End-stage renal disease and need for hemodialysis.

End-stage renal disease and need for hemodialysis.

Left radial to antebrachial side-to-side fistula at the left antecubital fossa.

SURGEON:  John Doe, MD

ANESTHESIA:  General endotracheal anesthesia.


INDICATIONS FOR PROCEDURE:  The patient presented with end-stage renal disease. She has a need for hemodialysis. Risks and benefits of the procedure were explained to the patient, and she was agreeable to proceed with surgery. Informed consent was obtained. The patient underwent venous mapping of the left upper extremity. The cephalic vein at the distal forearm measured around 1.8 mm. The patient had palpable radial and ulnar pulses. She had codominant superficial palmar arch. The recommendation for proximal radial fistula was given. The patient was agreeable to proceed with surgery.

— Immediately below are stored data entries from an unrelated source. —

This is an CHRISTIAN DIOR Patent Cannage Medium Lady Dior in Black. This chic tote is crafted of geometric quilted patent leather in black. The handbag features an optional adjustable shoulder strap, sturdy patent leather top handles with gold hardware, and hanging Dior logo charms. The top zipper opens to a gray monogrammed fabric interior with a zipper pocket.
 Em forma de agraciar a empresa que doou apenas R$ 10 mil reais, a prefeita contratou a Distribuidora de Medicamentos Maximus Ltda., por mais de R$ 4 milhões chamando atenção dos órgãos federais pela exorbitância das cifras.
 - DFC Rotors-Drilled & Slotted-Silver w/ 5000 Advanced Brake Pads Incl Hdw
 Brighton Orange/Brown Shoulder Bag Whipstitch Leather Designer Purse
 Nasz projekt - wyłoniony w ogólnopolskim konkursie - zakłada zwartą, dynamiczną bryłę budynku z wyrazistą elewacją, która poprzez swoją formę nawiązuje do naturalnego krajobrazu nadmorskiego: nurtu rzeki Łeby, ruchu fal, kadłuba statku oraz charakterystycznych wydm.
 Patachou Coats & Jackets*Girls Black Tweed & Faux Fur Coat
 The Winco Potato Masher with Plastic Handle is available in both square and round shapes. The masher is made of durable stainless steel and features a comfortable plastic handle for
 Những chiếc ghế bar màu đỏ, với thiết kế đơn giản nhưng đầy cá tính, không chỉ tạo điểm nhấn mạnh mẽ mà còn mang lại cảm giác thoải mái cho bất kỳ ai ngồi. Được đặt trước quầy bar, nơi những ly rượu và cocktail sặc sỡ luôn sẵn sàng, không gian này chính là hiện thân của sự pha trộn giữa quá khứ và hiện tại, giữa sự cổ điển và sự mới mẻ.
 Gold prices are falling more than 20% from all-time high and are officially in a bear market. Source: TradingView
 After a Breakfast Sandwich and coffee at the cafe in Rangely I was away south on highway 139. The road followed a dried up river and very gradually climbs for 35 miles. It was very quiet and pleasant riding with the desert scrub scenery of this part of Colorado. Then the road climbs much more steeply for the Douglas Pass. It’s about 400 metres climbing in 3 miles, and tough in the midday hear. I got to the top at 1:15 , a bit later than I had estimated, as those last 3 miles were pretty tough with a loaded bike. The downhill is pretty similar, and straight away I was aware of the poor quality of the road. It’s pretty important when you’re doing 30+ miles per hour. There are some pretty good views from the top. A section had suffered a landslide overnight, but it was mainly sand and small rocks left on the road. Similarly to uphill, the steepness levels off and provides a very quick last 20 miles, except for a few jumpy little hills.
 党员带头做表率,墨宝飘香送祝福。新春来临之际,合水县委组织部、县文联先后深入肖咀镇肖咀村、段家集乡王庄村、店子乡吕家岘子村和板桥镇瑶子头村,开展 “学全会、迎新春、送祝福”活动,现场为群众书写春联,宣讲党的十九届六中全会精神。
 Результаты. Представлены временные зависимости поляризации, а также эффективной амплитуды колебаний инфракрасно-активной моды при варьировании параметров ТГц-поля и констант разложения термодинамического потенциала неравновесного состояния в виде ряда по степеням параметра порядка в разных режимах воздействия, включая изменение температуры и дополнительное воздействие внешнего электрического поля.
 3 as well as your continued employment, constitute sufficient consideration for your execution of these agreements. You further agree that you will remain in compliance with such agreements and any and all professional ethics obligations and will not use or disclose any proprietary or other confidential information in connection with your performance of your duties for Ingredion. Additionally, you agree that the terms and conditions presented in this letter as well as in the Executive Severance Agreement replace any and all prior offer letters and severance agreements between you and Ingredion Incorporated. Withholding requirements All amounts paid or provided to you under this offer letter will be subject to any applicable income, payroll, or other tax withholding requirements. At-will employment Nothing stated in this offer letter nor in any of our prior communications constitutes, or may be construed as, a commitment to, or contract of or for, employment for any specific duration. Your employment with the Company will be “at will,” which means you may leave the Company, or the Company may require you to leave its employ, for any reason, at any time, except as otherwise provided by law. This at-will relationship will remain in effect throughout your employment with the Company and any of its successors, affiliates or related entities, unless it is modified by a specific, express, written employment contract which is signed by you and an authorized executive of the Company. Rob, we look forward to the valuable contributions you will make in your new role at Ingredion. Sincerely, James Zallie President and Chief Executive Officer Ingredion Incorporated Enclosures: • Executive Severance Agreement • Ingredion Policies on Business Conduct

DESCRIPTION OF PROCEDURE:  The patient was brought to the operating room and placed on the table in the supine position. General endotracheal anesthesia was given to the patient without any problem. The left upper extremity was prepped and draped in the usual sterile fashion. A longitudinal incision was made in the left antecubital fossa. The incision was carried down through the skin and subcutaneous tissue. The antebrachial vein was identified. The deep venous branch was identified. The cephalic vein was identified. The antebrachial vein was dissected. Side branches were ligated. The radial artery was isolated. The side branches were doubly clipped and divided. Vessel loops were placed around the vessels. A longitudinal venotomy was performed. A 2.5 mm dilator was used to destroy the valve of the antebrachial vein between the antecubital fossa and the wrist. Both venous lumens were flushed with saline solution. The radial artery was then clamped between 2 clamps. Longitudinal arteriotomy was performed. Side-to-side anastomosis with 7-0 Prolene was performed. Flow was restored through the vein without any problem. The patient had a nice palpable thrill in proximal cephalic vein. The patient had a nice thrill and flow signal in the antebrachial vein toward the wrist. Due to competitive flow, the deep venous branch was ligated at the antecubital fossa. The subcutaneous tissue was closed with running 3-0 Vicryl. The skin was closed with running 4-0 Vicryl. Steri-Strips were applied to the skin. A 4 x 4 and Tegaderm were applied to the left antecubital fossa. The patient tolerated the procedure well, was extubated in the operating room and was sent to the recovery room in stable condition.